Working memory workout

This week I am confronting myself! I have a not-so-excellent working memory and I am finally doing something about it.

Working memory is different to long-term (and even short-term) memory for recall. As is described in the book Human Physiology by Lauralee Sherwood, it is like “the erasable blackboard of the mind”. It’s the ability of the brain to contextualise information as it’s coming in, and using that to execute actions immediately/near the same time.

Image credit: pexels.com

So for example, I can spout silly trivia I learnt at age 10, such as ‘The longest recorded flight for a chicken was 13 seconds.’ = long term memory 🐔

But if someone was, say, giving instructions prior to starting a complicated board game, the verbal directions do not land well. The explanations go over my head, like a record-setting flying chicken. I have to participate in one/more rounds of the game first, then we are good.

I also misplace my keys a lot.

🎲🔑❓

Thankfully, I have discovered that neuroscientists designed a game for training working memory. The game is called N-back.

Basically, there are squares that pop up in a 3×3, like a budget game of Whack a Mole. Except, instead of hitting garden creatures, you hit a button that says Position Match when a square pops up in the same place twice in a row. ❗️This is N=1. Easy.
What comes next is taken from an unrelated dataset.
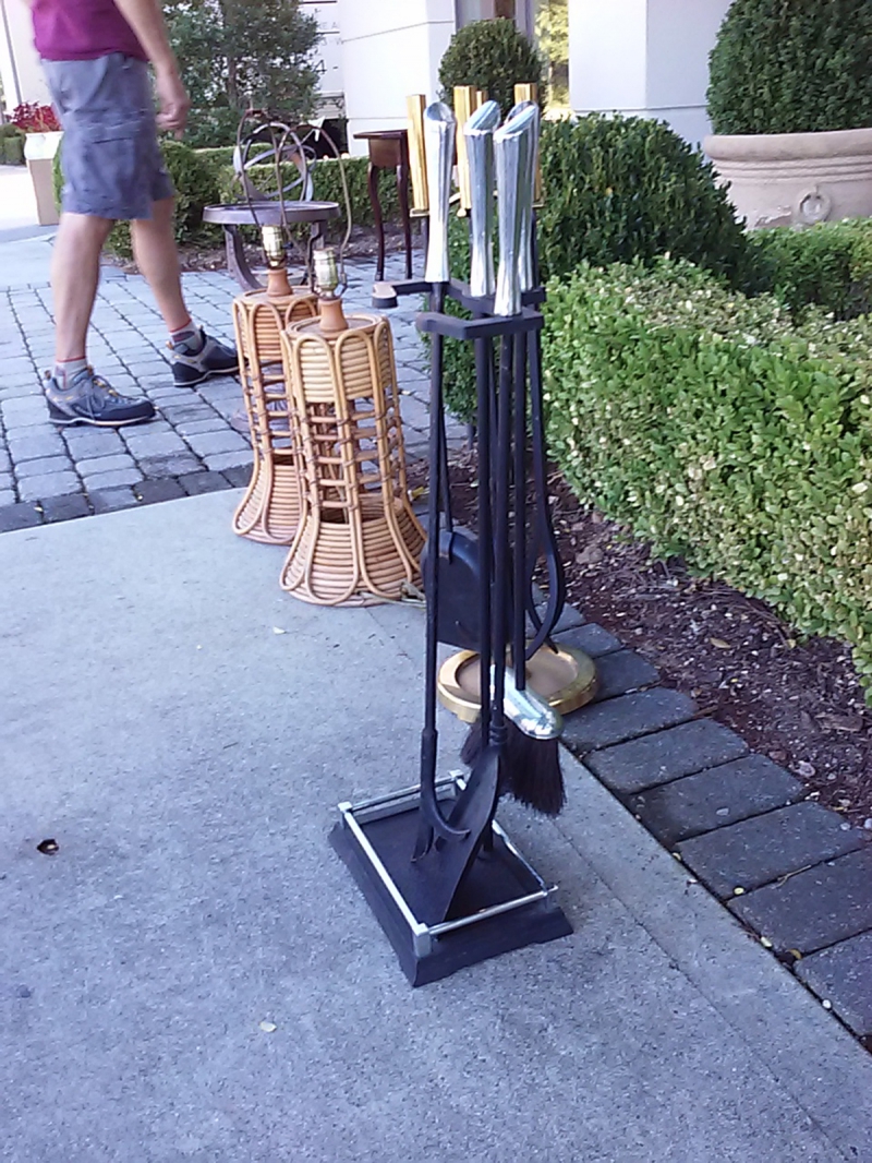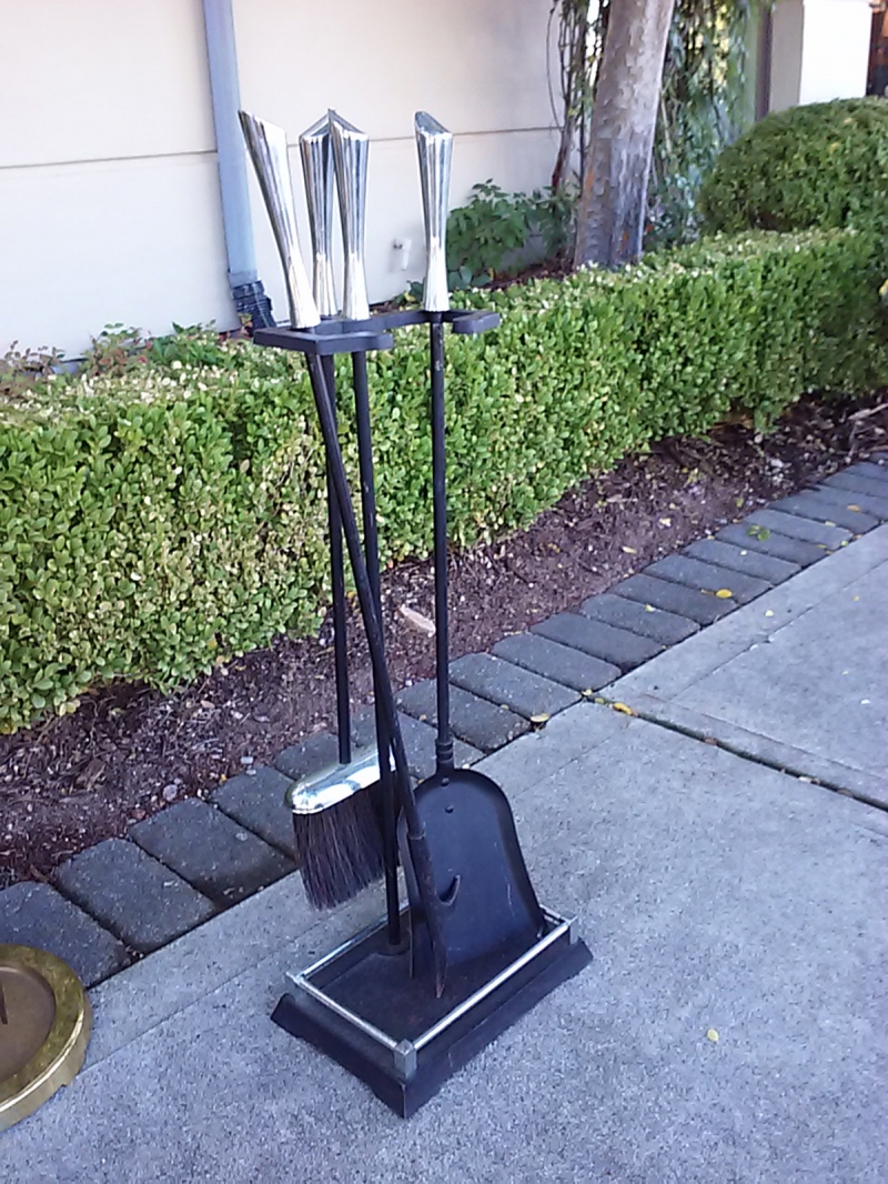 MID CENTURY CHROME FIRE TOOLS ON STAND

But then the level gets harder (N=2), and you press if the squares pop up not consecutively, but only after another square pops up (eg if the third square is a repeat of the first).

N, or the number of squares back that you have to remember, becomes +1 if you get 90% right.
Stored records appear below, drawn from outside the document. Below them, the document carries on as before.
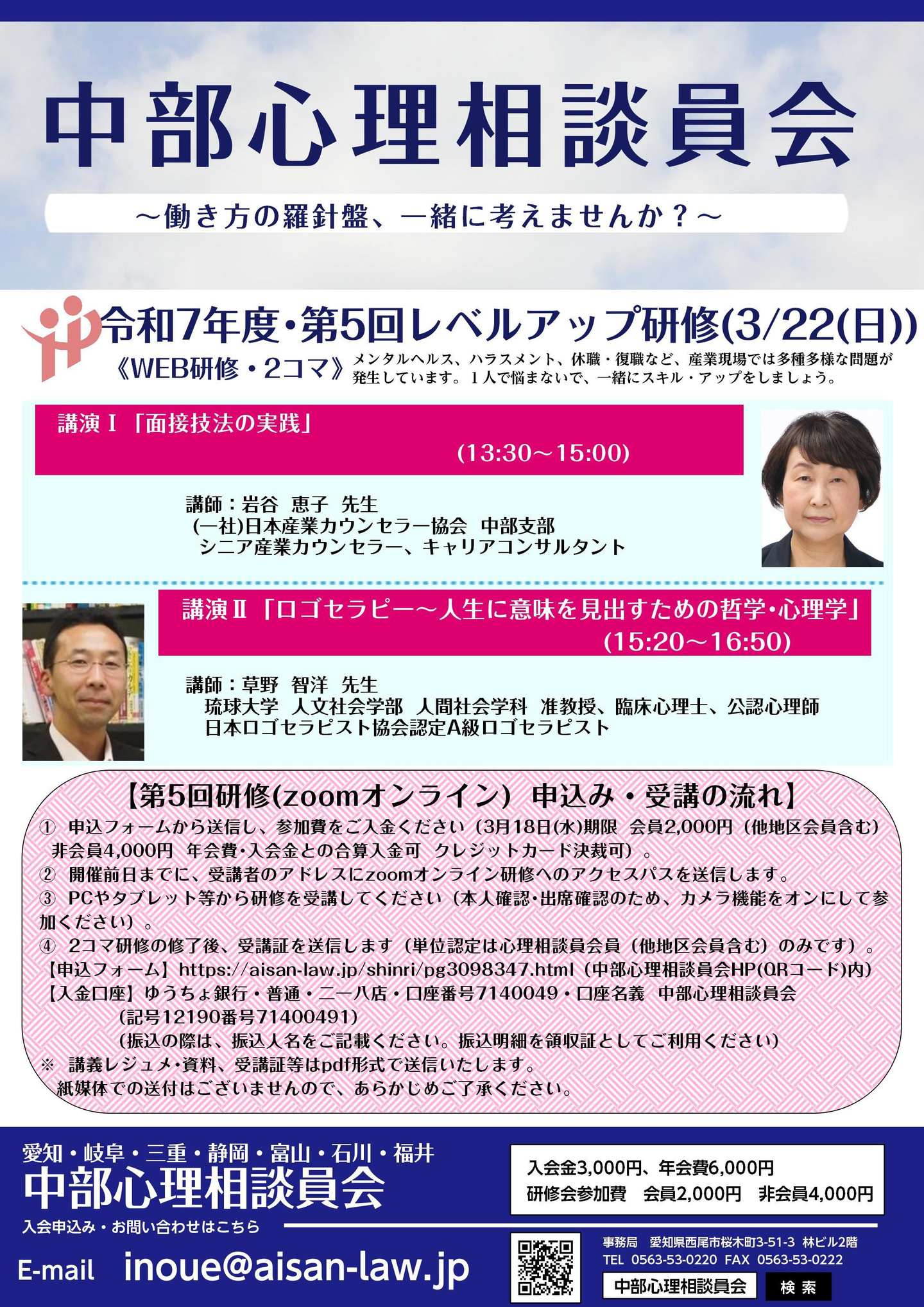 内容 【講演1】「面接技法の実践」 講師 岩谷 恵子 先生 (一社)日本産業カウンセラー協会 中部支部、シニア産業カウンセラー、キャリアコンサルタント 【講演2】「ロゴセラピー~人生に意味を見出すための哲学・心理学」 講師 草野 智洋 先生 琉球大学 人文社会学部 人間社会学科 准教授、臨床心理士、公認心理師、日本ロゴセラピスト協会認定A級ロゴセラピスト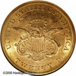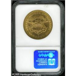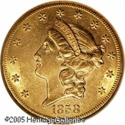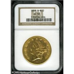 <B>1858-S $20 AU58 NGC.</B></I> The 1858-S is a somewhat overlooked issue that has not seen a dramatic increase in obtainability like some of its S-mint brethren. This moderately abraded example is very well struck and has pleasing reddish-golden color.<BR><I>From The Mike Jacobson Collection.</B></I> Lot:8982
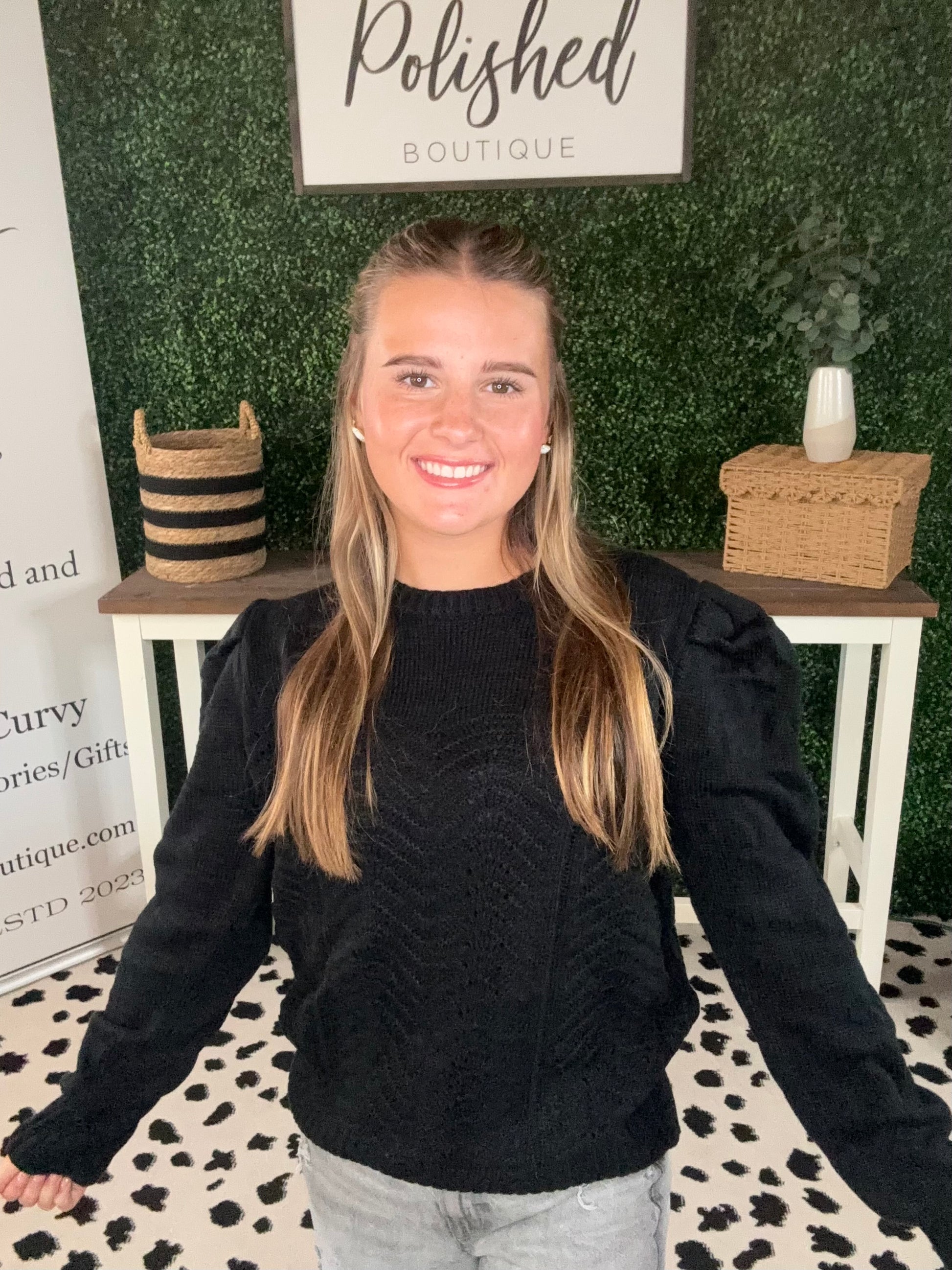 The Gia Sweater boasts long balloon sleeves and a ribbed crew neck, topped off with intricate pointelle stitching. Stay cozy and stylish with this versatile addition to your wardrobe.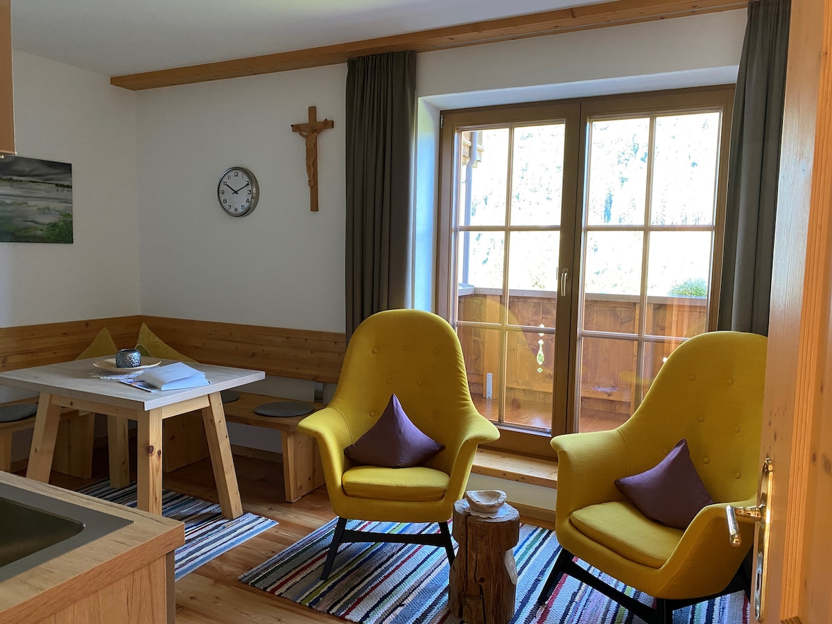 Novo!! Opustite se u ovom posebnom i mirnom smještaju prikladnom za porodice. Idealno za parove, porodice ili putnike koji putuju sami. U blizini pješačkih i skijaških područja (pješačka područja Karwendel na pragu - skijališta npr. Zillertal i Achensee itd.) Novi, visokokvalitetni objekat. Sauna, fitness, terasa, vrt. Vlastiti ulaz, besplatno parking mjesto za automobil, 2x TV, Netflix, Prime, besplatan Wi-Fi. Uživajte u prekrasnoj panorami i blizini najboljih mjesta u Tirolu. Dugoročni iznajmljivači su dobrodošli!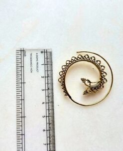 This beautifully handcrafted brass hoop earring showcases exquisite peacock-inspired filigree artistry, a perfect blend of traditional craftsmanship and modern style. The detailed pattern gives it a regal yet earthy appearance, ideal for those who love statement jewelry with cultural depth.

Then you have to throw the audio into the mix because the app shouts random letters at you like an audio alphabet soup – you hit Sound Match if it repeated itself too.

Image: pexels.com

It sounds confusing because it is.

When I first tried to Google how to play, it made no sense. I thought, great, I can’t work on my working memory because my working memory isn’t good enough to understand the instructions.
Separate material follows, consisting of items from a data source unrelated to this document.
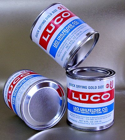 Luco Gold Size...We offer two high quality gold sizes from Luco. The Luco Slow Set Gold Size - This size is a Gilder's Oil designed for all leaf work where extended tack time is allowed greater brilliance is desired and a clear protective top coat is not necessary. Luco Slow Set Gilder's Oil will be ready for gilding in 10 to 12 hours depending upon temperature and humidity. This tack will hold up to 24 hours.Luco Quick Dry Gold Size - This size is a clear gilder's varnish designed for fast leaf work. it may also be used as a clear protective top coat over leaf lettering and other decorative w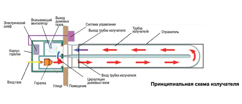 Принцип действия ленточного газового излучателя основан на прохождении горячих выхлопных газов от горелки по трубе большого диаметра, образующей U-образный контур — «ленту». Труба находится в теплоизолированном кожухе, открытом снизу. Благодаря этому, вся тепловая энергия переходит в инфракрасное излучение, направленное вниз. То, что рядом в едином кожухе находится и прямая, и обратная трубы, выравнивает температуру по длине ленты. Нагрев помещения под газо-лучистым обогревателем ленточного типа остается равномерным по всей его длине.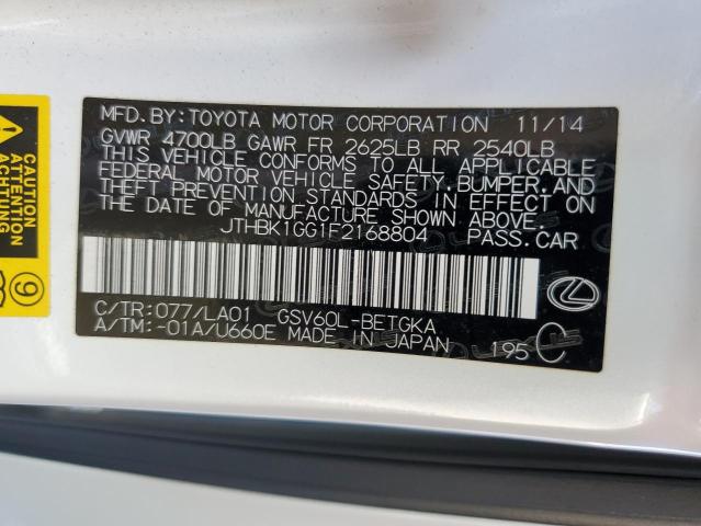 This 2015 Lexus ES 350 (White) comes from a major insurance auction in the USA or Canada. All information on this page is linked to the vehicle’s VIN (JTHBK1GG1F2168804), which helps confirm where the car was listed and what condition it was in at the time of sale.
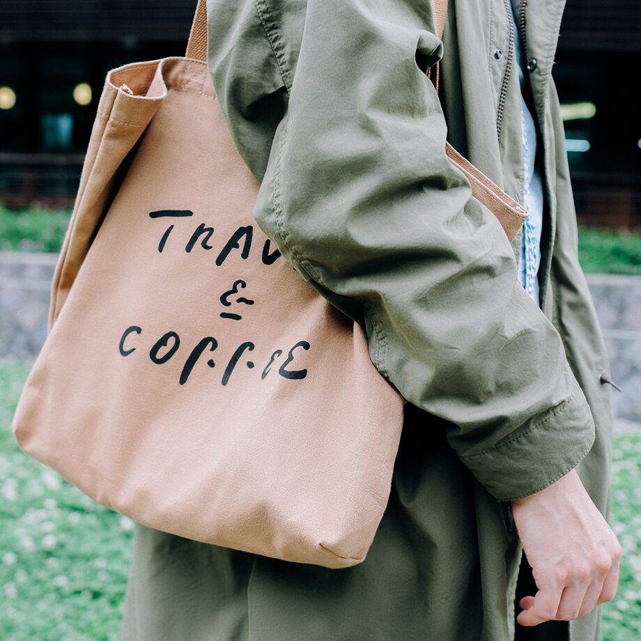 「TRAVEL & COFFEEトートバッグ」柔らかで丈夫な12オンスのキャンバスで作られ、両面印刷の異なるデザインになっています。裏側はポケット付きで小物の収納にも便利!大容量のサイズでプチ旅行やちょっとした外出にも最適です。

Eventually I found a good app that came with an explanation, and have been trying it for a few days. My initial sense was overwhelmingly I don’t know what I’m doing after N=2.

But today, I noticed I remembered to do things, such as send a text message when usually I might have forgotten. Yay! Whether this is a coincidence, or an upgrade of some brain software, remains to be seen.

I like this app, because it records stats, but there’s a number of them out there.

Here are some cool papers I read.

The first one I found; How it Helps to Improve Post-error Performance; Supporting article.


My study&work life has had some developments … but no conclusions, so I will tell that story when the time is right.

*

What’s your go-to piece of trivia? Do you enjoy brain training games? Are you someone who loses their keys, or well organised?